- REQUIRED ACTION
Pictures are to be left out; otherwise, copy exactly the lines from the line containing "- Po wypełnieniu" through the end of the data.

- COLLECTED MATERIAL
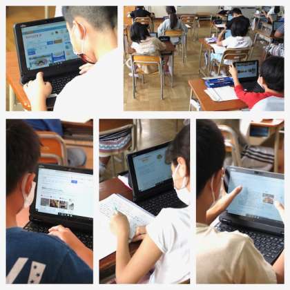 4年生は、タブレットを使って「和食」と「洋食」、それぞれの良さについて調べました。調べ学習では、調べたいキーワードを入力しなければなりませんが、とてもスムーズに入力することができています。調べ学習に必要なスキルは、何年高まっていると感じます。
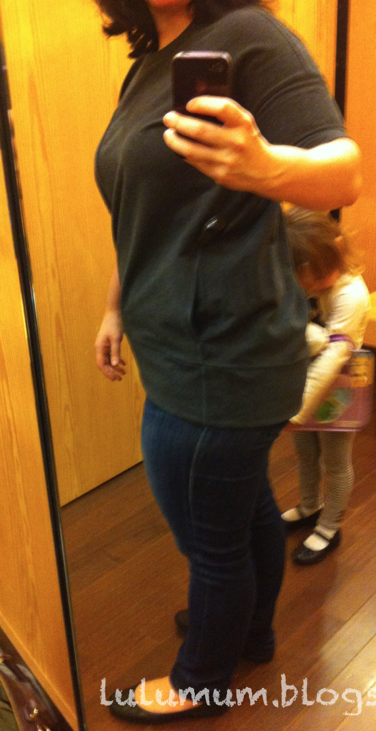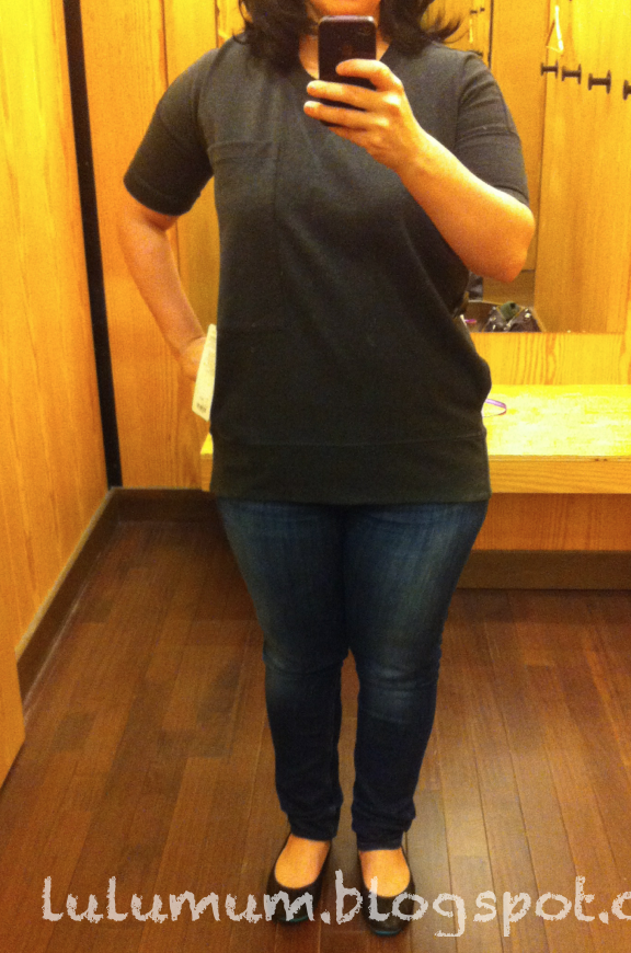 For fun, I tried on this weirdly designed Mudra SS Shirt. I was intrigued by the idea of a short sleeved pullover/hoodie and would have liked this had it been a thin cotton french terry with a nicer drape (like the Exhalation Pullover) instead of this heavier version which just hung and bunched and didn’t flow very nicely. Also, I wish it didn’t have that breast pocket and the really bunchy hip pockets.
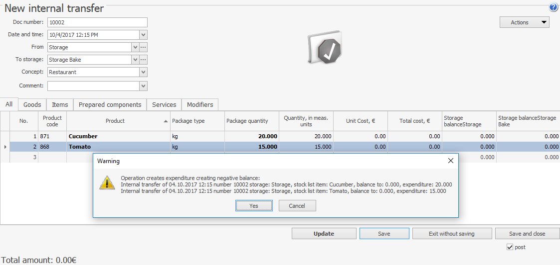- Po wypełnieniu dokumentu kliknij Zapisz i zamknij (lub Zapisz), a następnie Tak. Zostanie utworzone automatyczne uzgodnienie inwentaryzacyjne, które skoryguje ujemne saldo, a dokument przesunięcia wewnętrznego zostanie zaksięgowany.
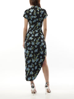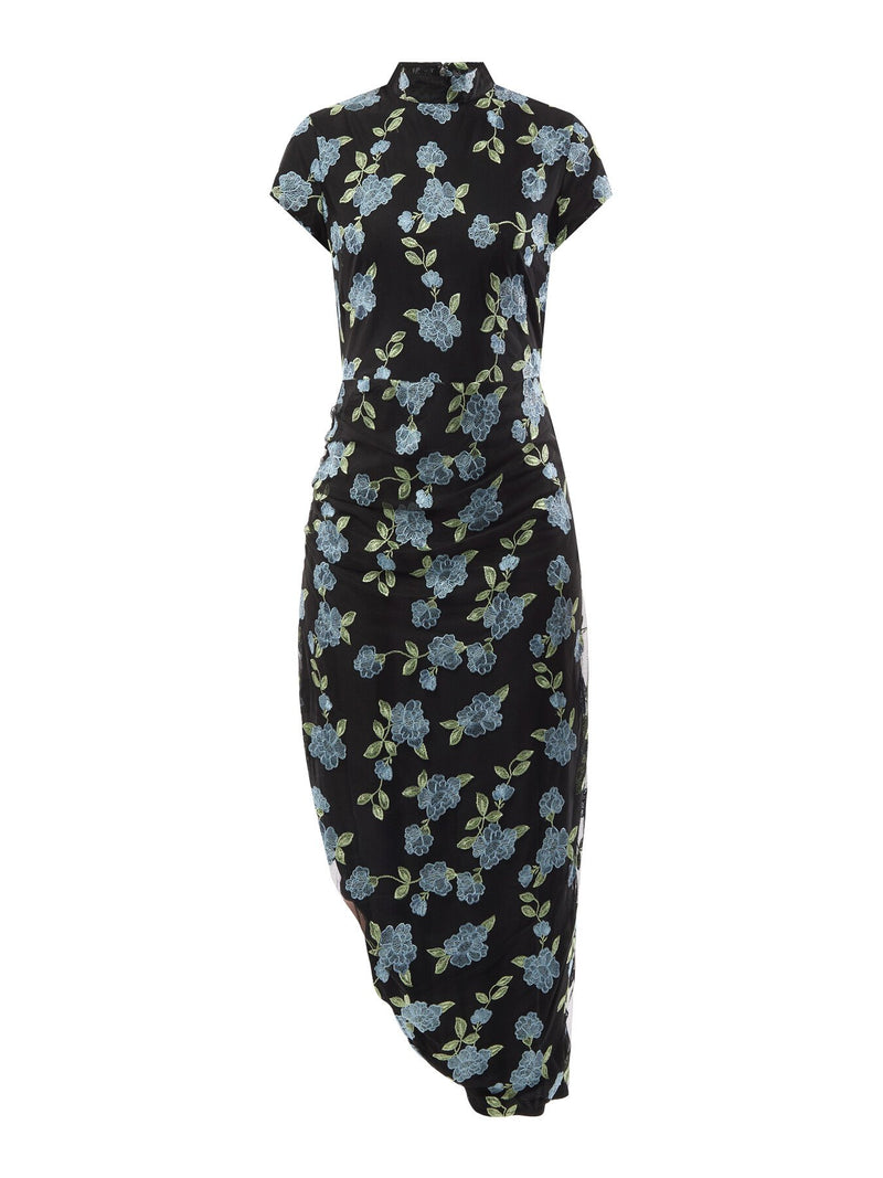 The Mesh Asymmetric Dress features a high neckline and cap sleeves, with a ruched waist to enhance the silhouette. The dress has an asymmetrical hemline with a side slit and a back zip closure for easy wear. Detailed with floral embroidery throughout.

- ANSWER SECTION
- Po wypełnieniu dokumentu kliknij Zapisz i zamknij (lub Zapisz), a następnie Tak. Zostanie utworzone automatyczne uzgodnienie inwentaryzacyjne, które skoryguje ujemne saldo, a dokument przesunięcia wewnętrznego zostanie zaksięgowany.
 The Mesh Asymmetric Dress features a high neckline and cap sleeves, with a ruched waist to enhance the silhouette. The dress has an asymmetrical hemline with a side slit and a back zip closure for easy wear. Detailed with floral embroidery throughout.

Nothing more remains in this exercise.